Yanlış bilginin kaçınılmaz sonu: Kutuplaşma ve ayrımcılık

Bilgi ve medya ekosisteminde infodeminin hakim olmasının tahrip ettiği tek alan halk sağlığı değil. Toplumun herhangi bir tartışmada iki zıt kutba bölünme eğilimi, kriz dönemlerinde daha iyi karşılık bulabiliyor. Biz ve onlar, Avrupalılar ve Asyalılar, iktidar yanlıları ve muhalifler, küreselciler ve yerelciler ve daha birçoğu. Bu dikotomik yarılmalar, salgın gibi belirsizliğin hüküm sürdüğü kriz dönemlerinde, boşlukta savrulmak yerine, bir yere, bir açıklamaya aidiyet hissi teklif ediyor.  

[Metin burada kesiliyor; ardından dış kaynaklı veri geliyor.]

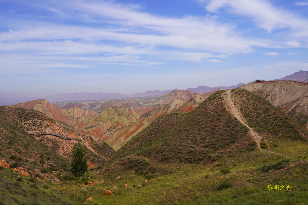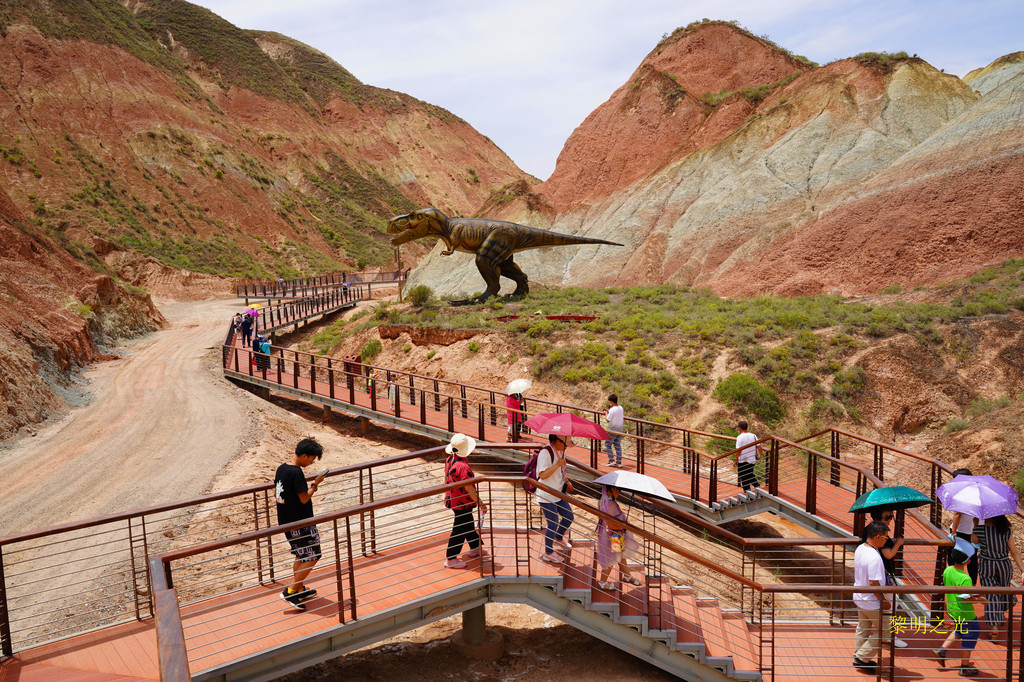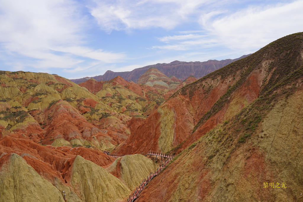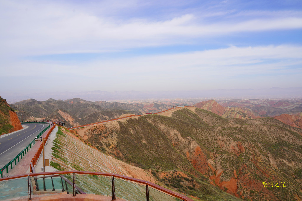 此处丹霞崖壁壮观雄浑,色彩斑斓,犹如跌落人间的彩虹,南北两侧地质差异很大。在震撼、惊叹的同时,让人感到了上苍创造的万能。有一条蜿蜒下行的长长栈道,直通丹霞群峰中,可惜没有开放。

Örneğin virüsün nerede ve nasıl türediğiyle ilgili belirsizlikte filizlenen komplo teorilerinin bilgi ekosisteminde yer etmesi, Asyalı, özellikle de Çinlilere karşı topyekün bir nefreti besleyebiliyor. Siyasi liderlerin şüpheli ya da yanlış bilgileri yaygınlaştırması, infodeminin küresel bir kutuplaşma ve ayrımcılığa yakıt olmasına neden olabiliyor. Eski ABD Başkanı Donald Trump’ın kullandığı “kung-flu” ya da “Çin virüsü” gibi ifadeleri anımsayın.

Pandemiyle mücadele ettiğimiz şu günlerde, fiziki ve ruhsal refahımız için sade, anlaşılır ve dozunda bilgi kafi. Haliyle bize bunu sunabilecek bir bilgi ve medya ekosistemine ihtiyacımız var. Sosyal medya platformları, medya kuruluşları ve tek tek bireylerden, doğru ve bu niteliklere sahip bilgiyi önümüze düşürmelerini talep etmek hakkımız. Doğru bilginin peşine düşmek, şüphe kasımızı çalıştırmaksa sorumluluğumuz.